The letter confirms the device is substantially equivalent to legally marketed predicate devices, which is a regulatory standard for market entry in the US for certain medical devices. This substantial equivalence is typically based on comparing the new device's technological characteristics and performance data to that of a predicate device.

Therefore, the requested information regarding acceptance criteria, sample sizes, ground truth establishment, expert qualifications, and MRMC studies cannot be extracted from this document, as it focuses on regulatory approval rather than a detailed scientific study report.

Here's a breakdown of what can be inferred or what is missing:

1. A table of acceptance criteria and the reported device performance

• Missing from document: This document does not present a table of acceptance criteria or detailed performance data. The FDA's 510(k) clearance process would have reviewed such data, but it's not included in this letter. Performance claims like accuracy, precision, linearity, etc., would typically be in the 510(k) submission itself, not the clearance letter.

2. Sample size used for the test set and the data provenance

• Missing from document: The document does not specify the sample size used for any test set or the provenance of the data (e.g., country of origin, retrospective/prospective). Such information would be part of the performance study submitted to the FDA.

3. Number of experts used to establish the ground truth for the test set and the qualifications of those experts

• Missing from document: Not applicable for an in vitro diagnostic device like this RIA kit, which measures quantitative levels of a biomarker. "Ground truth" for such devices typically comes from reference methods or established analytical techniques, not expert consensus on images or clinical assessments.

4. Adjudication method for the test set

• Missing from document: Not applicable for an in vitro diagnostic device. Adjudication methods (like 2+1, 3+1) are typically used in clinical studies involving physician interpretation, for example, in imaging diagnostics.

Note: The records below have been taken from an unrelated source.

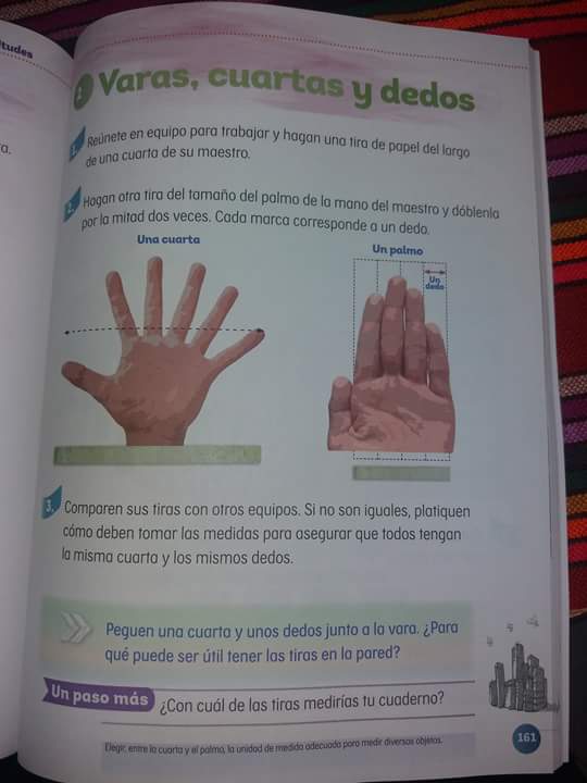 Y es que en el libro de matemáticas de segundo grado de primaria, página 161, hay unos problemas de estimación de medidas, en donde los alumnos tienen que medir una cuarta y el palmo de la mano de su maestro.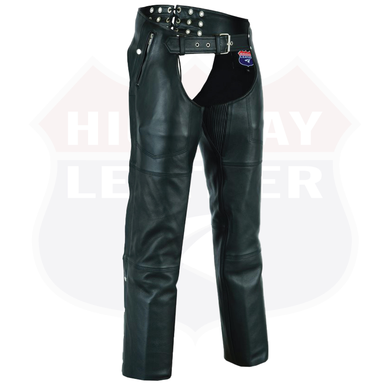 Premium thermal motorcycle chaps made from soft milled 1.2–1.3mm genuine leather, built for Harley-Davidson riders who demand comfort, durability, and style in cold-weather or long-distance rides. Designed with a snap-out thermal insulated liner for adaptable warmth, ribbed stretch inner thigh panels for ease of movement in the riding position, and four ultra-deep thigh pockets to keep essentials secure on the road. Features heavy-duty original YKK zippers with protective buffers to prevent snags, 4-snap boot cuffs for quick on/off, and a laced back waist panel for a perfect adjustable fit. Unfinished bottoms allow custom trimming for length, while non-rusting, non-corroding hardware ensures long-term reliability. A true blend of functionality, comfort, and classic biker style—engineered to meet the high standards of Harley riders.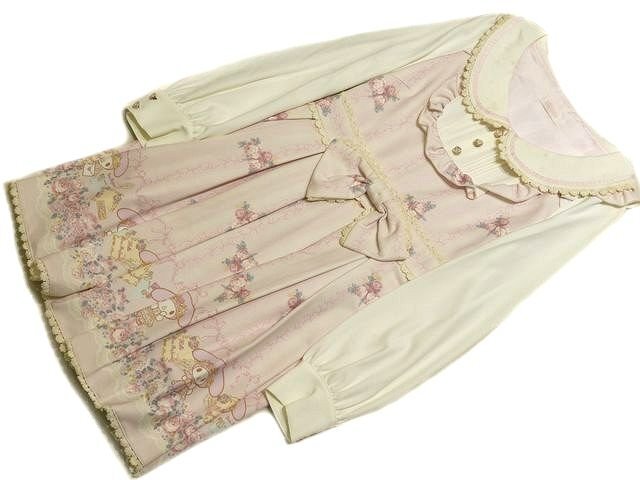 > C46 LIZLISA × Sanrio ワンピース ◇ サイズ0 マイメロディ ピンク × ホワイト ローズ 長袖 リズリサ サンリオ コラボ ▼7K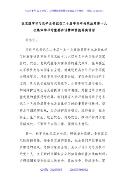/ 在党组学习习近平总书记在二十届中共中央政治局第十九次集体学习时重要讲话精神贯彻落实讲话

5. If a multi reader multi case (MRMC) comparative effectiveness study was done, If so, what was the effect size of how much human readers improve with AI vs without AI assistance

• Missing from document: Not applicable. This device is a radioimmunoassay kit, not an AI-powered diagnostic tool requiring human interpretation improvement studies.

6. If a standalone (i.e. algorithm only without human-in-the-loop performance) was done

• Missing from document: Not applicable. This is not an algorithm, but a laboratory test kit. Its performance is evaluated biochemically.

7. The type of ground truth used

• Inferred: For an in vitro diagnostic assay like this, the "ground truth" for evaluating performance would likely involve established reference methods for 25-hydroxy vitamin D quantification (e.g., LC-MS/MS or other validated assays) or certified reference materials, rather than expert consensus, pathology, or outcomes data. This document doesn't explicitly state the ground truth method.

8. The sample size for the training set

• Missing from document: Not applicable typically for this type of RIA kit. While there's method development and optimization (which might involve a "training" phase in a general sense), there isn't a "training set" in the machine learning context for which a specific sample size would be reported in the performance evaluation.

9. How the ground truth for the training set was established

• Missing from document: See point 8. This concept doesn't directly apply here.